【ミクロネシア連邦=加藤学】厚生労働省は22日、トラック諸島(現ミクロネシア連邦チューク州)沖で、太平洋戦争中に撃沈された日本の艦船で遺骨の収集に向けた調査を行った。政府は「海没遺骨」の情報を積極的に集める方針を示しており、これを受けた対応だ。
連合艦隊の拠点が置かれていた同諸島は、1944年2月17~18日、米空母部隊の攻撃を受け、約40隻の艦船が撃沈された。今回の調査は21~24日の日程で、22日は、水深38メートルの海底に沈む給油船「 神国 丸」の船内に潜水士が入り、船室や鉄骨の間をライトで照らし、遺骨を確認した。23日以降、準備が整い次第、遺骨を引き揚げる。
第2次大戦では、軍民合わせて240万人の日本人が海外で死亡し、未回収の遺骨は112万柱に上る。厚労省によると、海中の艦船から収容されたのは約670柱にとどまり、今も30万柱が海に眠っている。

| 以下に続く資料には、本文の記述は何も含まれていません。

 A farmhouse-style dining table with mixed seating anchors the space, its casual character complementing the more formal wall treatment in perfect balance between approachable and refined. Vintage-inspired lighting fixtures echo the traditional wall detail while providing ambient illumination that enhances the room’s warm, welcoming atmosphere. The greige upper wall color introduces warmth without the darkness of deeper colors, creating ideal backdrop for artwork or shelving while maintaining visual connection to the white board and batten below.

海底で朽ちゆく戦没船に取り残された遺骨の収集が前進し、高齢化した遺族らは一日も早い帰還を願った。政府が対応に乗り出した背景には、ダイバーらが船内で眠る遺骨を撮影し、SNSで拡散したことが問題視された事情もある。(中部支社 石原宗明、社会部 川畑仁志)
「父の骨を墓に納め、母と一緒に眠らせてあげたい」。茨城県結城市の佐藤雅子さん(80)は、父の大谷恒さん(享年32歳)の写真を見つめながら、そう語った。

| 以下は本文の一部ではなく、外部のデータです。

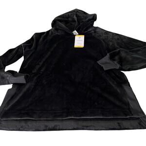 Black Velour Plush Hooded Pullover Top Woman Size Medium NWT
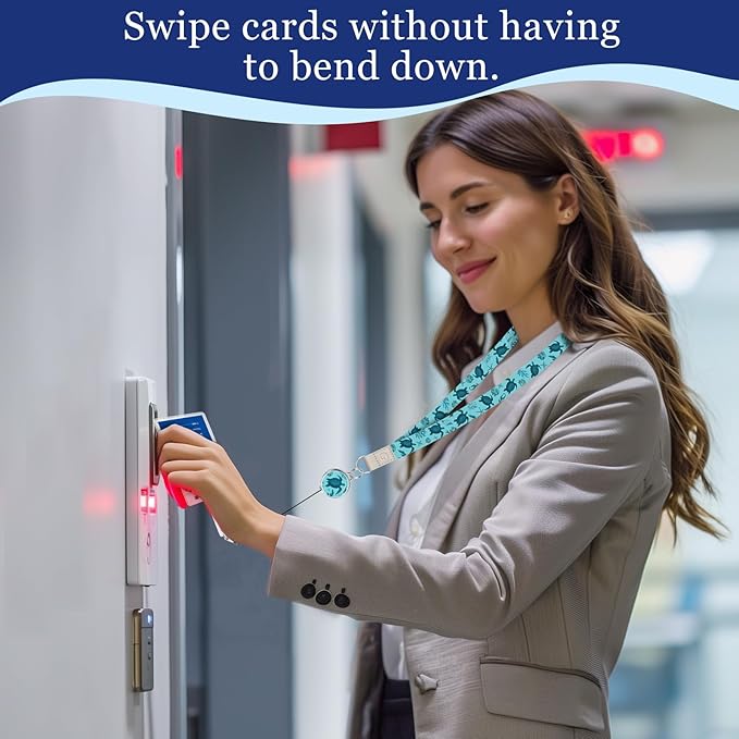 - Retractable Badge Reel: This lanyard with retractable badge reel can extend up to 15.75 '', allowing you to swipe the ID card to the desired position without the need to take them out or bend down. The cute badge reel is made of sturdy plastic and steel, ensuring durability and wear resistance. Moreover, this badge reel also comes with a split key-ring for attaching keys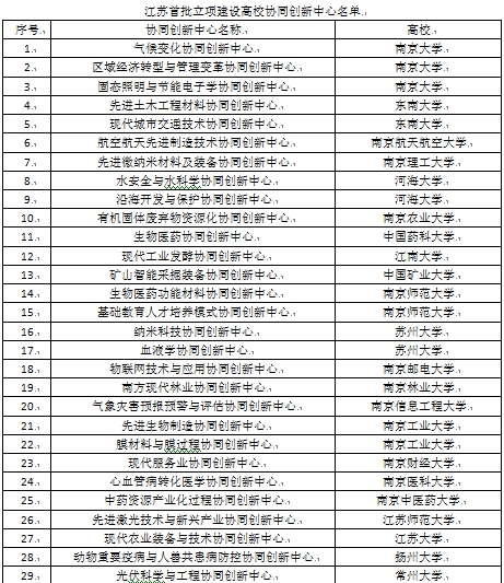 江苏首批立项建设高校协同创新中心名单

大谷さんは東京高等商船学校(現・東京海洋大)を卒業した後、海運会社「大阪商船」(同商船三井)に入社。南洋諸島を巡る航路の船乗りとなった。
戦争の激化に伴い、同社の貨客船は次々に海軍に徴用されていった。大谷さんも特設巡洋艦に改装された「愛国丸」(1万438総トン)に乗り組み、戦火に覆われた太平洋を走り回った。
その中でも神戸市で暮らす家族への連絡は欠かさなかった。
<近々生まれる子供の名を……女子であったら雅子と謹んで命名致したい>。妻の芳江さん(2012年、96歳で死去)には手紙でそう伝えた。

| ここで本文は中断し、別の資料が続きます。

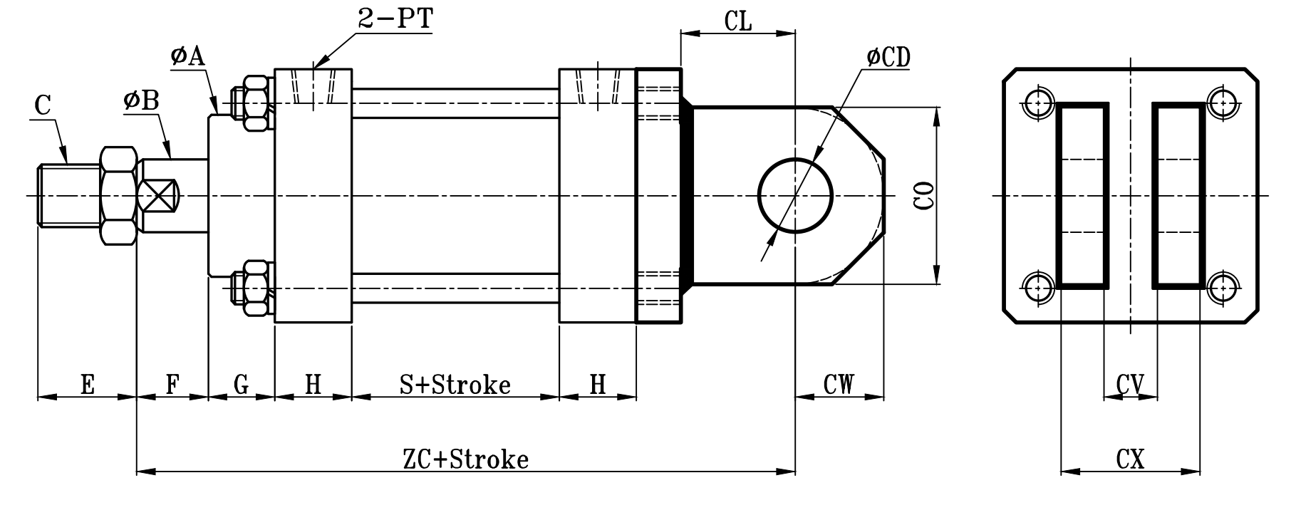 | 缸徑 BORE | ΦA | ΦB | C | E | F | G | H | PT | S | ZC | ΦCD | CL | CV | CW | CO | CX |

1944年1月21日の消印が押された手紙では、<子供達のおやつはそろそろなくなることだろう>などと幼い佐藤さんを気遣った。
この直後、愛国丸は日本から約3000キロ離れたトラック諸島(現・ミクロネシア連邦チューク州)に向けて出港する。再び母国に帰ることはなく、44年2月17日、同諸島の環礁内で米空母部隊の攻撃を受け、暗い海に沈んだ。
当時1歳1か月だった佐藤さんには、父の記憶がない。親戚には「お父さんに似ている」と言われて育ち、あるとき母に「どんな人だったの」と尋ねた。悲しみが込み上げるからだろうか、母は「かっこいい海の男だったよ」と言葉少なに話してくれた。高校の修学旅行では、遺品のカメラを持ち出し、父に思いをはせた。
中学校教諭として勤務していた83年、水中写真家から愛国丸の沈没地点を特定したとの連絡を受け、現地に向かった。翌年には国による遺骨収集事業に同行。水深約60メートルの船内にいる父から「よく来てくれた」と声をかけられたような気がした。
このとき愛国丸からは349柱が引き揚げられ、現地では焼骨式も行われた。
佐藤さんは「機関長だった父がいたはずの機関室は底部にある。父の骨はないだろう」と思いながらも、「海の男が船とともにいる。このまま静かに眠らせてあげるべきだ」と考え、気持ちに区切りを付けた。
ところが、近年、外国人ダイバーが撮影した遺骨の画像がネット上に掲載されていることを知り、 愕然 とした。
厚生労働省は、こうしたケースについて「遺骨の尊厳が損なわれる」として問題視し、情報の収集を強化し、回収を急ぐ方針だ。
沈んだ場所が深い愛国丸は今回の調査対象から外れている。しかし佐藤さんは、「海が戦没者にとって守られた場所ではなくなっている。多くの遺骨を引き揚げてほしいし、子どもの世代が生きているうちにDNA型鑑定で身元を特定し、遺族の元に返してほしい」と訴えた。